GK 1. Sung-Ryong JUNG
DF 26. MAGUINHO
DF 3. NARA Tatsuki
DF 5. TANIGUCHI Shogo (Yellow card 66')
DF 7 KURUMAYA Shintaro
MF 10. OSHIMA Ryota
MF 6. MORITA Hidemasa
MF 11. KOBAYASHI Yu
MF 14. NAKAMURA Kengo
MF 41. IENAGA Akihiro
FW 9. LEANDRO DAMIAO (Yellow card 27')
GK 21. ARAI Shota
MF 2. NOBORIZATO Kyohei (on for KURUMAYA 14')
FW 8. ABE Hiroyuki (on for KOBAYASHI 88')
DF 17. MAWATARI Kazuaki (on for MAGUINHO 70')
MF 19. SAITO Manabu (on for NAKAMURA 70')
FW 20. CHINEN Kei (on for LEANDRO DAMIAO 79')
MF 25. TANAKA Ao (on for MORITA 79')
My Frontale Man Of The Match
Yeah, it’s a glorified friendly, yeah, people are rusty and there are new faces to integrate. But I’m still going to award this.
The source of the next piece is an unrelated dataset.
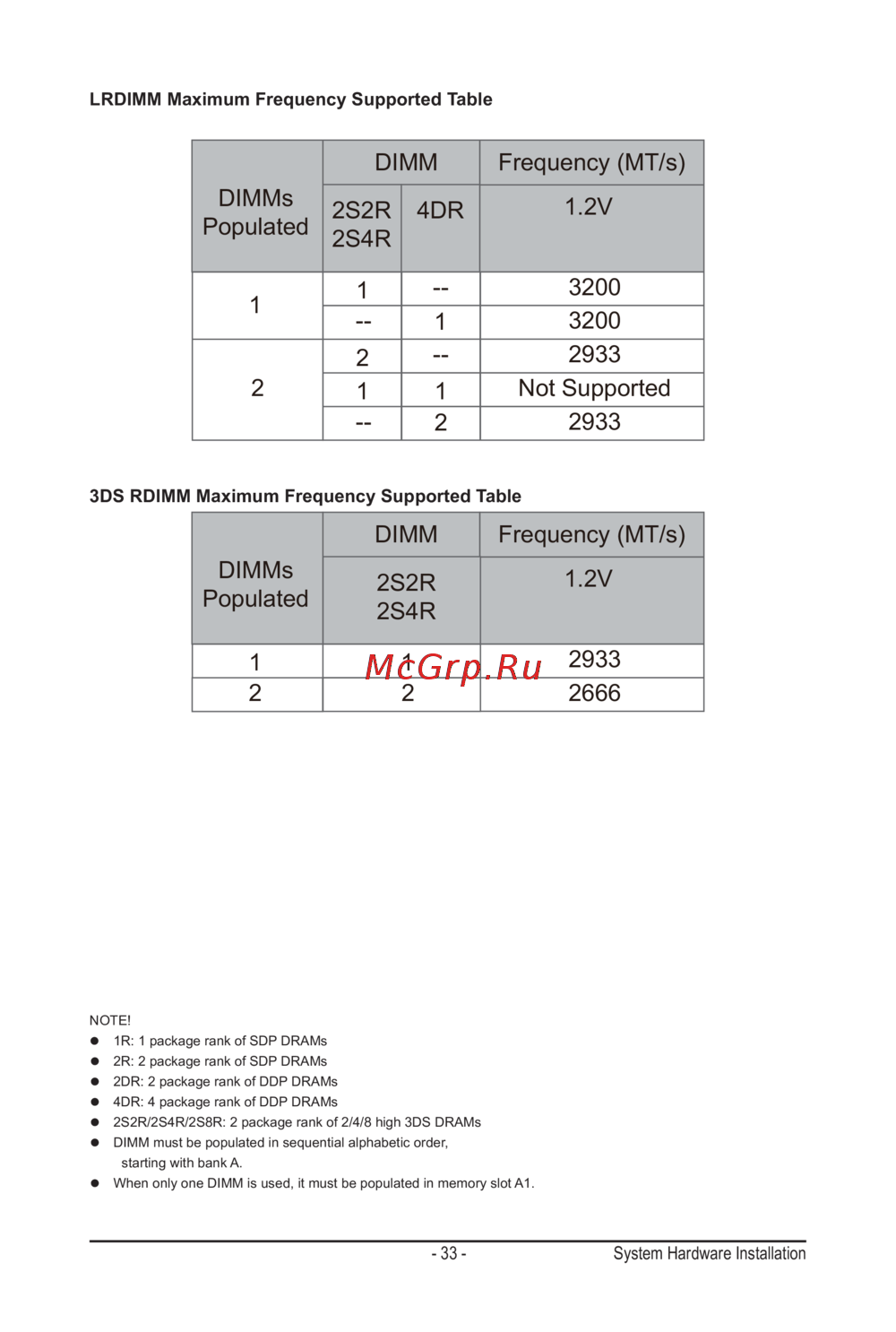 3DS RDIMM Maximum Frequency Supported Table

Don’t think anyone had a bad game but there was probably one stand out performer, especially if you judge these things by the sprint count, a stat that Japanese football broadcasters seem to be obsessed with. So, it goes to…
LEANDRO DAMIAO - Bossed the Urawa defence with his power and drive, constantly chasing apparently lost causes, willing to shoot and scored an absolute blaster half-volley that wouldn’t have been stopped even if there was a player in the way. Bravo! (Please don’t get injured…). 26 sprints.